[Records from a dataset]
== Segment start ==

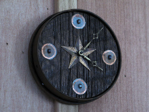 CLOCKS Our clocks are made from re-enforcement rings of wagon wheel hubs. The centers are created from reclaimed barn wood or fins from wind mills. Each clock is unquie, no two are ever alike.
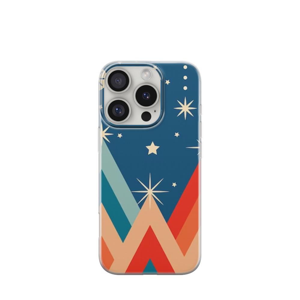 iPhone 16 Pro Gummi Hülle Weihnachtsberge - Blau / Gelb / Rot
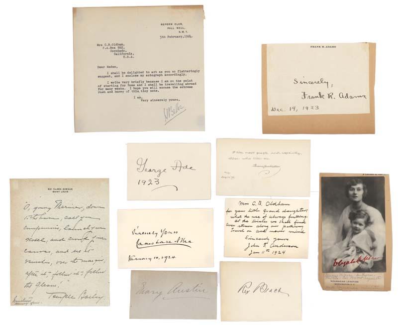 Frank R. Adams (1883 - 1963), George Ade (1866 - 1944), James Lane Allen (1849 –1925), John F. Anderson, Mary Austin (1868 –1934), Irving Bacheller (1859 –1950), Temple Bailey (c.1885 - 1953), Rex Beach (1877 –1949), Hilaire Belloc (1870 –1953), Elizabeth Bibesco (1897 - 1945). All generally fine or better.
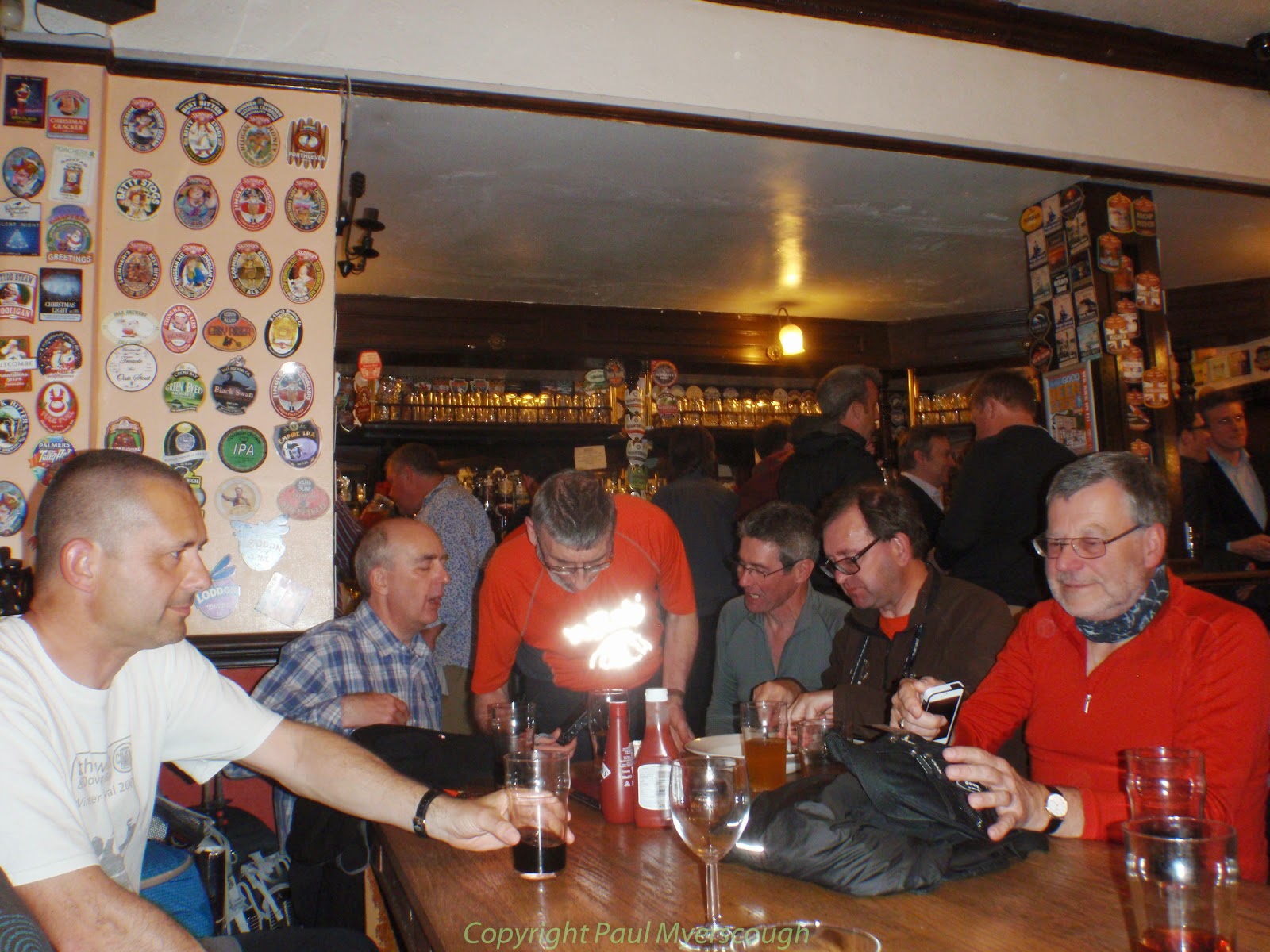 Here we can see a collection of TGOers limbering up for the night train from London to Scotland. The one with the light shining through shares his experiences here.
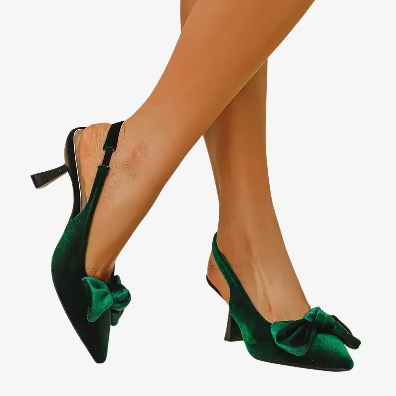 Ces escarpins en velours sont l’incarnation de l’élégance et du raffinement. Leur silhouette effilée et leur délicat nœud à l’avant apportent une touche de féminité et de sophistication à toutes vos tenues.

== Segment end ==

= Your goal =
Would you retype the entries above in full, exactly as written, minus the pictures?

= The answer =
 CLOCKS Our clocks are made from re-enforcement rings of wagon wheel hubs. The centers are created from reclaimed barn wood or fins from wind mills. Each clock is unquie, no two are ever alike.
 iPhone 16 Pro Gummi Hülle Weihnachtsberge - Blau / Gelb / Rot
 Frank R. Adams (1883 - 1963), George Ade (1866 - 1944), James Lane Allen (1849 –1925), John F. Anderson, Mary Austin (1868 –1934), Irving Bacheller (1859 –1950), Temple Bailey (c.1885 - 1953), Rex Beach (1877 –1949), Hilaire Belloc (1870 –1953), Elizabeth Bibesco (1897 - 1945). All generally fine or better.
 Here we can see a collection of TGOers limbering up for the night train from London to Scotland. The one with the light shining through shares his experiences here.
 Ces escarpins en velours sont l’incarnation de l’élégance et du raffinement. Leur silhouette effilée et leur délicat nœud à l’avant apportent une touche de féminité et de sophistication à toutes vos tenues.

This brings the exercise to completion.